We must hold that defendant was entitled to a continuance and that it was ■error to order the trial to proceed in her absence. We recognize the general rule that -action on a motion for continuance rests in the sound discretion of the trial court and is generally not the subject of reversal except when an abuse of discretion is shown.
And in this jurisdiction it has been held that action on a discretionary matter is subject to appellate review “where the error in its exercise is plainly shown and works material hardship and injustice.”
We do not overlook the fact that the medical statement in this case was not sworn to. But there is nothing to indicate that the motions judge based his ruling on such defect, if defect it was. Undoubtedly it is more satisfactory and safer too to support such motions by affidavits,, but that is not required in this jurisdiction either
We have not failed to consider the fact that the case had been continued twice before; but as against that is the fact that it had been on the trial calendar for less than two months and the continuance which was requested at this time was for less than an additional month. Also not to be overlooked is the fact that nowhere in the record is there the slightest suggestion that injury or prejudice to plaintiffs would have resulted from the continuance requested.

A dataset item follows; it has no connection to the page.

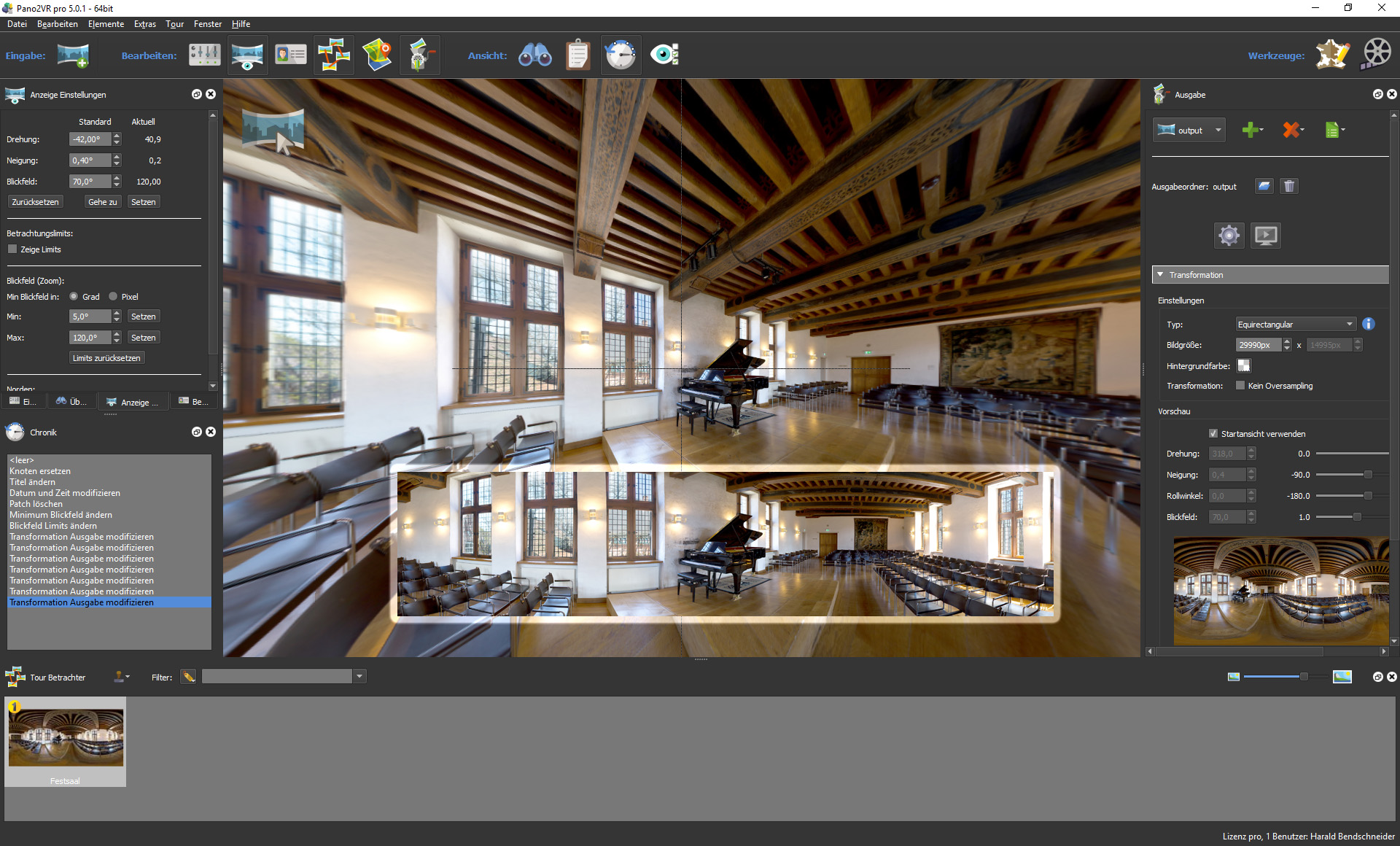 Mit PanoVR hat man eine Vielzahl von Möglichkeiten als Rectilinear mit den Einstellungen Drehung, Neigung, Querneigung, Blickfeld; Größe und Auflösung usw. das equirectangulare Original-Panorama zu verändern und auch Einzelbilder herauszuziehen. Für die Einzelbilder sollte man aber mehr als 10.000 Pixel in der Breite haben um auf eine anständige Auflösung zu kommen, bei einer Breite des Originals mit über 30.000 kann man locker 30-50 MP Bilder abziehen.

All these various circumstances we have weighed carefully one against the other, and with the rights of both parties in mind, and we are convinced that a continuance should have been granted in this case. Reluctant though we are to reverse a decision which lies in the field of discretion, we feel that we have no alternative under the circumstances presented to us here.
Reversed and remanded for further proceedings.
Taylor v. Yellow Cab Co., D.C.Mun.App., 31 A.2d 683, and cases there cited.
Leiberg v. Vitangeli, 70 Ohio App. 479, 47 N.E.2d 235. See also Grant v. Michaels, 94 Mont. 452, 23 P.2d 266.
Nicholls v. Anders, 13 Cal.App.2d 440, 56 P.2d 1289, 1292, quoting from Waite v. Southern Pac. Co., 192 Cal. 467, 221 p. 204.
In re Mattullath, 38 App.D.C. 497. See also Harrah v. Morgenthau, 67 App.D.C. 119, 89 F.2d 863; Hill v. Finnemore, 132 Me. 459, 172 A. 826; Charlesworth v. American Express, 117 Me. 219, 103 A. 358.
By this we do not mean to criticize the judge who conducted the trial: probably on the one-sided evidence before him - he could have reached no other decision.
Eckert v. Graham, 131 Cal.App. 718, 22 P.2d 44; Baker v. Jensen, 135 Or. 669, 295 P. 467; Band Finance Corporation v. St. Johnsbury Wiring Co., 100 Vt. 328, 137 A. 324; Massucco v. Tomassi, 78 Vt. 188, 62 A. 57; Hutchinson v. Montgomery Memorial Park Corporation, W.Va., 36 S.E.2d 889; Webb v. Carpenter, 168 Ga. 398, 148 S.E. 80; Noah v. L. B. Price Mercantile Co., 208 Mo.App. 149, 231 S.W. 300; Ashworth v. Brickey, 129 Ark. 295, 195 S.W. 682; State v. McNoughton, 183 La. 697, 164 So. 630.